Vous avez certainement déjà entendu parler de l’affaire Publifin. Fin 2016, suite aux révélations du magazine Le Vif/L’Express, sont rendues publiques les rémunérations démesurées perçues par plusieurs mandataires politiques locaux dans le cadre de réunions superflues censées guider le conseil d’administration dans le pilotage de l’intercommunale. On apprend, entre autres, que certains mandataires ont gagné jusqu’à 500 € la minute, ce qui offusque profondément l’opinion publique. Les scandales s’enchaînent au fil des mois, ce qui pousse les pouvoirs publics à repenser leur système de gestion des intercommunales.
Pour rappel, une intercommunale est un holding constitué de différentes instances publiques, autrement dit un bras financier étatique, qui pilote une ou plusieurs filiales. Dans le cas présent, il s’agit de Nethys, une société anonyme active dans les secteurs de l’énergie, des télécommunications et du développement industriel. La société détient notamment l’opérateur Télécom VOO, mais aussi BeTV et les Editions de l’Avenir. Ce qui nous amène à notre sujet du jour.
Des années d’inaction managériale et un plan de restructuration démoralisateur
Nous l’avons dit, l’affaire Publifin remet profondément en question la gestion des intercommunales. De fait, l’état a émis la volonté de se retirer, du moins partiellement, du capital de Nethys, laissant présager une vente des parts des Editions de l’Avenir. En parallèle, la gestion interne du groupe Nethys a longtemps plongé le personnel de l’Avenir dans une profonde morosité. Racheté en 2013, le quotidien est depuis constamment mis sous pression. Le conseil d’administration de Nethys ne croit pas en la pérennité de son modèle économique, et les nombreuses suggestions du personnel se confrontent à un mur. Au niveau décisionnel, rien ne bouge. La frustration gagne la rédaction, qui se sent impuissante. Le 23 octobre 2018, un plan de restructuration massif est annoncé : 60 équivalents temps-plein sont évincés. C’est la goutte d’eau qui faire déborder le vase. Dans un état des lieux publié un an jour pour jour après la décision, le personnel décrit son ras-le-bol général, qui s’étend de la frustration d’un management inexistant à la douleur des départs, sans oublier la fatigue chronique qui consomme ceux qui restent.

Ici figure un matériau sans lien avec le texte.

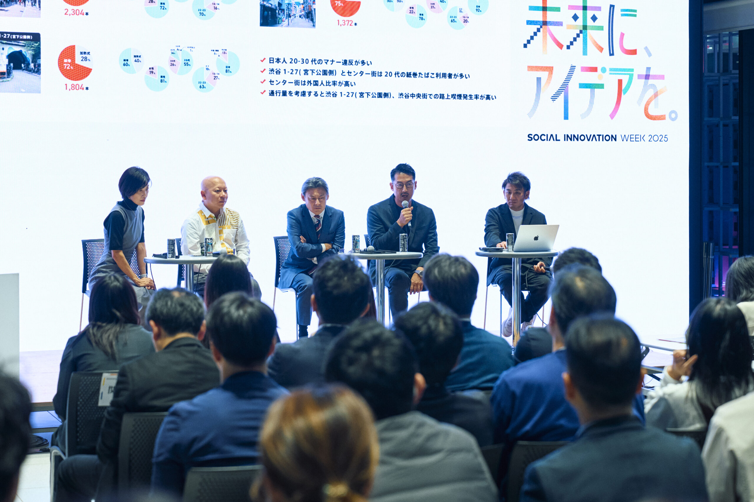 「ACTION for 0 始動!! 〜新しい都市インフラ『GOOD MANNER SPOT』の可能性〜」では、渋谷区副区長の杉浦小枝さん、東京都市大学の中島伸さん、明治通り宮下パーク商店会の百瀬義貴さん、フィリップモリスジャパンの鶴岡斉さん、SIWプロデューサーの金山淳吾が登壇。路上喫煙やゴミのポイ捨てといった都市課題に対し、産官学民が連携して取り組む渋谷グッドマナープロジェクトの一環として始動した「ACTION for 0」についてトークセッションを行いました。

Une coopérative pour reprendre son destin en main
L’idée de coopérative émerge lors d’une réunion de rédaction. Pourquoi ne pas reprendre son destin en main et mobiliser lecteurs, investisseurs et rédacteurs dans la création d’une coopérative qui prendrait part dans le capital du journal en cas d’ouverture de son actionnariat ? Cela permettrait au personnel d’avoir son mot à dire dans les orientations stratégiques de son journal, de même que renforcer l’esprit communautaire avec les lecteurs. Une petite équipe exécutive se met en place et la coopérative voit le jour le 25 octobre dernier, après avoir bénéficié de l’accompagnement de l’agence conseil Propage-s. Une centaine de membres de la rédaction s’est déjà engagée à alimenter le capital de la coopérative et un large appel à l’épargne devrait être lancé dans les semaines à venir. L’objectif est de réunir une somme suffisante pour acquérir entre 10 et 20 % des parts de l’entreprise, de quoi négocier une convention d’actionnaires et assurer une présence dans le conseil d’administration des Éditions de l’Avenir. Le meilleur moyen pour les membres du journal de préserver tant leur indépendance rédactionnelle que l’ancrage local du journal au niveau wallon. Surtout, la volonté est de retrouver une paix sociale au sein de l’entreprise.